Customer journey maps and buyer personas are critical to your customer experience strategy.
The B2B Customer Journey is often a windy road, made more complex when there are multiple people making decisions during that trip.
That’s why customer journey maps and buyer personas go hand-in-hand. You need to understand all the members of the team. Who takes the lead at each stage? And how do they agree where to go—even when they have different reasons on why they want to go on the trip in the first place?
It’s not enough to map out the critical steps of the end user (that’s the user experience) or reduce friction during after-sale support (that’s the customer service department). You need to understand the decision-making process and all the parties involved to improve customer satisfaction and retention.
We recommend you take the following three steps to identify and understand which customer personas your organization should focus on.
1. Define customer personas
The first step is to list all the influencers and decision-makers in the process. Not just the people who make the final decision but people who influence those who do.
Possible options include people who:
- Use your products/services. (End users depending on your segment, like factory workers, office managers, meeting planners, etc.)
- Experience and research solutions to the pain. (In some cases, they can be different from the end user; think of managers responsible for injury or an administrative assistant assigned to the research process.)
- Make the final decision. (Sometimes that can be an end user, someone in the C-Suite, procurement, or a decision-making committee; in 2018 the average group buying size was 10.8 people.)
- Inform the decision-making process. (In the cases where one person makes the final decision or is consulted to inform the decision.)
- Negotiate the contract/pay the bills. (It’s the least exciting role in most journeys and often treated that way; don’t forget them, this may be where the most considerable pain exists.)

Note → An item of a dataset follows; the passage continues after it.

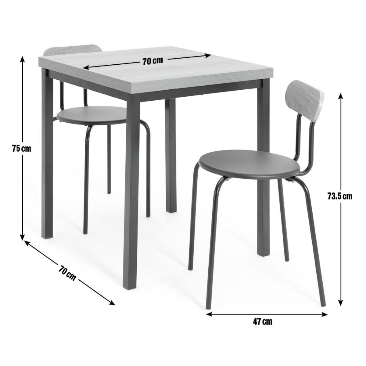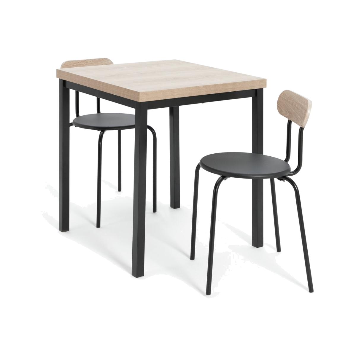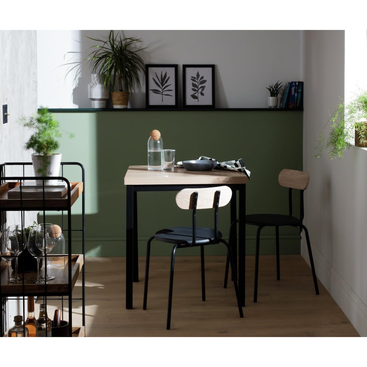 Table for two please. Sit down for a cosy meal with our 2-seater dining table set. Exclusive to Habitat, Zayn makes a subtle style statement with its clean looks and streamlined design. The rugged charm of black matte metal against pale ash woodgrain effect is as industrial as it gets. Marvelously minimal. Table: Table size H75, W70, L70cm. Wood effect table with metal legs. Wood effect table top finish. Self-assembly - 2 people recommended. Chair: Includes 2 chairs. Size of each chair H73.5, W47, D46.5cm. Seat height 45cm. Metal frame with metal legs. Wood effect seat pad. Self-assembly. Maximum user weight per chair 130kg. Individual chair weight 3.8kg. Package Dimensions: Table package 1 size H12, W76, D82cm. Individual chair package size H8, W66.5, D47cm. General information: We are excited to be welcoming some of our favourite HOME products into the Habitat range. Your product may arrive in Habitat or HOME packaging. Wipe clean with a damp cloth. FSC certified meaning the materials used for this product are responsibly sourced.

Too often, personas get stalled when team members narrow in on getting beyond the final decision-maker, often a C-Suite exec or procurement. While these personas are critical, you can miss out by forgetting about who influences that final gatekeeper.
After the purchase, it’s never the executive or procurement official that uses the product. The experience after the purchase by the end user influences the perceived return on investment inside the organization and the likelihood those users will advocate to buy from you again.
2. Ask the question: What does success look like…for your customer?
Determining the goal of the journey can be a bit confusing when you go through the process for the first time. That’s because when you set goals for strategic plans, you think about what your company needs to achieve. In the case of journey mapping, you need to focus on the goals your customer is trying to achieve by buying your company’s product or service.
The customers’ goal is seldom what you want them to accomplish: Getting them to buy something from you or getting the best deal possible.
Rather, ask yourself what your customers are trying to solve when they begin the journey. The answer to this question typically is found in your existing customer insights.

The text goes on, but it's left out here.